**How to complete this task**:
Your task is to copy the lines of the data below from the line holding "KIA Motors, автосалон" through the line holding "Вторая же пара: Virtus.Pro", inclusive, exactly and with nothing added.

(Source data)
* * *
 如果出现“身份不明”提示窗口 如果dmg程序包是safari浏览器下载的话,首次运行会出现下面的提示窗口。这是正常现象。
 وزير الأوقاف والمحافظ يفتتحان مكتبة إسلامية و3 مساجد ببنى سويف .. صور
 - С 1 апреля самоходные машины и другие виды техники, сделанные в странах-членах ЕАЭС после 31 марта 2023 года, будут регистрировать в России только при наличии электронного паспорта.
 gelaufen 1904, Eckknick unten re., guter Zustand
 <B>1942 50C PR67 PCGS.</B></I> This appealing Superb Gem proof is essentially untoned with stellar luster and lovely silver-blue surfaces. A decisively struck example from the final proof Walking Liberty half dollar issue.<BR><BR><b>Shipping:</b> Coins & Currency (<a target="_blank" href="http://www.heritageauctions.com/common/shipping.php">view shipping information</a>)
* * *
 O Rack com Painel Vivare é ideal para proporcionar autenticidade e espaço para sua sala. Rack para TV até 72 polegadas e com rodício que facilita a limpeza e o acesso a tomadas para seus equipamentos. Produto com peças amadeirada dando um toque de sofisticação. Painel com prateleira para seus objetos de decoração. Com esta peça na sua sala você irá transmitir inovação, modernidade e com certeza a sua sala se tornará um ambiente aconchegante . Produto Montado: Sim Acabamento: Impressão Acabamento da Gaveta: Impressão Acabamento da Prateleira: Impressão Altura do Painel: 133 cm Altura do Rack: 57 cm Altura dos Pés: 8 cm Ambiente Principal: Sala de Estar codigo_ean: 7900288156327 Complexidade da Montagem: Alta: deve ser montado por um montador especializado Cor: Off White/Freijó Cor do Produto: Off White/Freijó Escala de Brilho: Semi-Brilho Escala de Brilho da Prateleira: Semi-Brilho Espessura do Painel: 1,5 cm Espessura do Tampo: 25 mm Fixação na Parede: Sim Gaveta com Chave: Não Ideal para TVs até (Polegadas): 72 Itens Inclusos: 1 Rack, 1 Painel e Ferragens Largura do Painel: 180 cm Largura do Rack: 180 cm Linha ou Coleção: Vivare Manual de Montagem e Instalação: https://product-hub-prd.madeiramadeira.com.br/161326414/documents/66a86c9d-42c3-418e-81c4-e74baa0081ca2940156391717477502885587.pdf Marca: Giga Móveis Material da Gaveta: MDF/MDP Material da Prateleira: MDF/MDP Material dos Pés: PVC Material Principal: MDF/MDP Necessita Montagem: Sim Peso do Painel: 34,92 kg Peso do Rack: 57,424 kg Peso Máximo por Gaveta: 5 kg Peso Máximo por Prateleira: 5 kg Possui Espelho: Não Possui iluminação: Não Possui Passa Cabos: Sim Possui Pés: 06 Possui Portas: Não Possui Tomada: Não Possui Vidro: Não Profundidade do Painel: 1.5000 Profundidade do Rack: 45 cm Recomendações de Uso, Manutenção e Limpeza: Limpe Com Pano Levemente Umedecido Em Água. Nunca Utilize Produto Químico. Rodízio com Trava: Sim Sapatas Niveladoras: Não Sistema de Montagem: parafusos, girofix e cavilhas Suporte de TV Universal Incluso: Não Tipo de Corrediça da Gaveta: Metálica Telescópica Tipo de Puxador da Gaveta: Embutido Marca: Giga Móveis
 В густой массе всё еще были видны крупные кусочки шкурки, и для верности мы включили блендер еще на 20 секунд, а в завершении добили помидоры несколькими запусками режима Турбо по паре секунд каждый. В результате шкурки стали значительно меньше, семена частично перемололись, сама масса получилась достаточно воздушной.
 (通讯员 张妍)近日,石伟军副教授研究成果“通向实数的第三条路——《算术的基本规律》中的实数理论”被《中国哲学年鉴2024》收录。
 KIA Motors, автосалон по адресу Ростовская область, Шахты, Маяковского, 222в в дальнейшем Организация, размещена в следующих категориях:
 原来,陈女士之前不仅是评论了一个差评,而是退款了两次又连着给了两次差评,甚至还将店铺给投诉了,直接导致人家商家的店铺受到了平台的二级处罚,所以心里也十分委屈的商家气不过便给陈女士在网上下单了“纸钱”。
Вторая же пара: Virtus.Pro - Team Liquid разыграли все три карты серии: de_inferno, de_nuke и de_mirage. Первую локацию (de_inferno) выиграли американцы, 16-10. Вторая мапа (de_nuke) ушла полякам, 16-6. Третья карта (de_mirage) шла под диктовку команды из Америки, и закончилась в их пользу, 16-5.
* * *
**Answer space**:
 KIA Motors, автосалон по адресу Ростовская область, Шахты, Маяковского, 222в в дальнейшем Организация, размещена в следующих категориях:
 原来,陈女士之前不仅是评论了一个差评,而是退款了两次又连着给了两次差评,甚至还将店铺给投诉了,直接导致人家商家的店铺受到了平台的二级处罚,所以心里也十分委屈的商家气不过便给陈女士在网上下单了“纸钱”。
Вторая же пара: Virtus.Pro - Team Liquid разыграли все три карты серии: de_inferno, de_nuke и de_mirage. Первую локацию (de_inferno) выиграли американцы, 16-10. Вторая мапа (de_nuke) ушла полякам, 16-6. Третья карта (de_mirage) шла под диктовку команды из Америки, и закончилась в их пользу, 16-5.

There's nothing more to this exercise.